With a weekend of solid training sessions under the belt, consolidated by a morning of training on the Brunton Park pitch, we spoke to Gav Skelton about how the group is feeling as their return to action at Harrogate on Tuesday night looms large.
“I think we’re all chomping at the bit,” he told us. “I know people are talking about the amount of games we’ve got to play, but we can’t moan about games being off then moan when that we have to play them.
“It’s really exciting, I think there’s 11 or 12 weeks left and we’ve got lots of games coming up. Hopefully it will be an exciting time.
“Obviously it is disruptive when games are off, but it is what it is. It’s out of our hands and there isn’t much we can do. We prepare for the games, look at the opposition shape and set pieces and things like that, and then it comes to the weekend and you can’t actually fulfil what you’ve prepared for.
“It’s part of the process, yes it’s frustrating, but we’re like everybody and we want to play. We’ve had games off which has meant we’ve had a very stop-start period, but it’s been the same for other teams. We prepare for each game and when they get called off you just have to look at how you prepare for the next one.”
But did the return to training on a full-sized pitch at Kendal signal a return to the intensity levels the lads had been at prior to this unprecedented spell.
“I know we keep saying it, but they are a good bunch and hopefully they get rewarded for it,” he commented. “They’re all desperate to play and I know the fans and everybody around the club is just desperate for some live action.

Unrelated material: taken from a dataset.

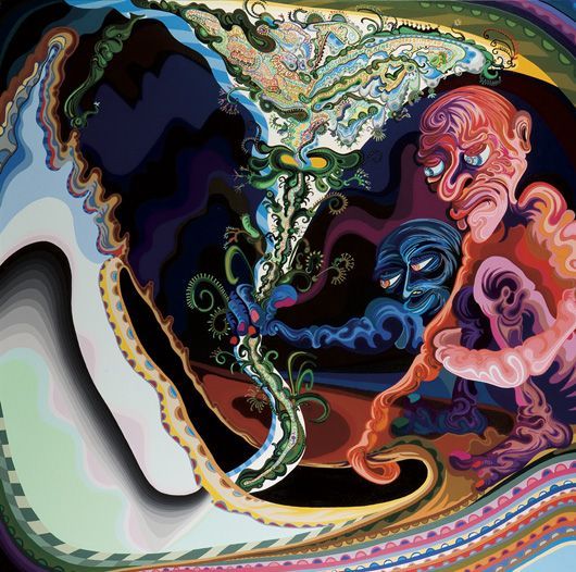Oil acrylic and felt-tip pen on canvas.

“Hopefully we can make that frustration work to our advantage and take our energy into the games coming up. The lads have trained well over the weekend and been at full pelt. We’ve had a couple of really hard sessions and got a lot of work into them.
“We’ve also been able to get some work into them tactically as well as getting work into their legs which will hopefully benefit them. Naturally I think you’re bound to lose something by not being outside, but we’re lucky to have the Neil Centre because it is somewhere to train, and some clubs won’t have that.
“We all know you can’t replicate a full-sized pitch and the distances you can get on that, so you do prefer to have that option. We’ll find if the lads feel rusty, but the situation has been out of our control and all we can do is work as hard as we can.
“We’ve had somewhere to train over the last few days and we’ve made the most of it.”
And with the squad looking sharp there’s no doubt it will fire up some interesting selection issues for the manager.
“It’s a very competitive squad, they’re chomping at the bit, and it’s difficult to pick teams, benches and squads when you have players who all want to play and who probably deserve to play,” he confirmed. “That’s the manager’s final decision, which you can kind of pass over to him, but you can feel the competitive edge in training and you can tell that players can feel the pressure of having someone waiting to take their place.
“There are people looking over shoulders in every position and if you want to be an elite team that wants to do well, that sort of situation should push people on to do even better.
“You have to be adaptable in any season, whatever the situation. You get injuries, suspensions, and the five subs rule has changed how things work as well. There are so many factors, the opposition, home or away, players out of form, you just have to react and adapt as things go on.
“That’s all part of the challenge and the excitement of doing the jobs we do, and we’re ready for whatever might come our way.”
Also looking much healthier is the injury situation with just Danny Devine and Morgan Feeney as the longer-term ongoing concerns.
“The manager updated on those two last week and they’ll keep working away,” he said. “They’re both very focused and I know they just want to be back.
“George Tanner obviously had a very nasty injury but he’s working back towards full fitness. He’s a naturally fit lad anyway so we’ll see where he’s at with the training sessions to come.
“He’s been out for a long time so we’ll see how he manages. He has trained of late but we’re still waiting to see how far off he is from a return to action.”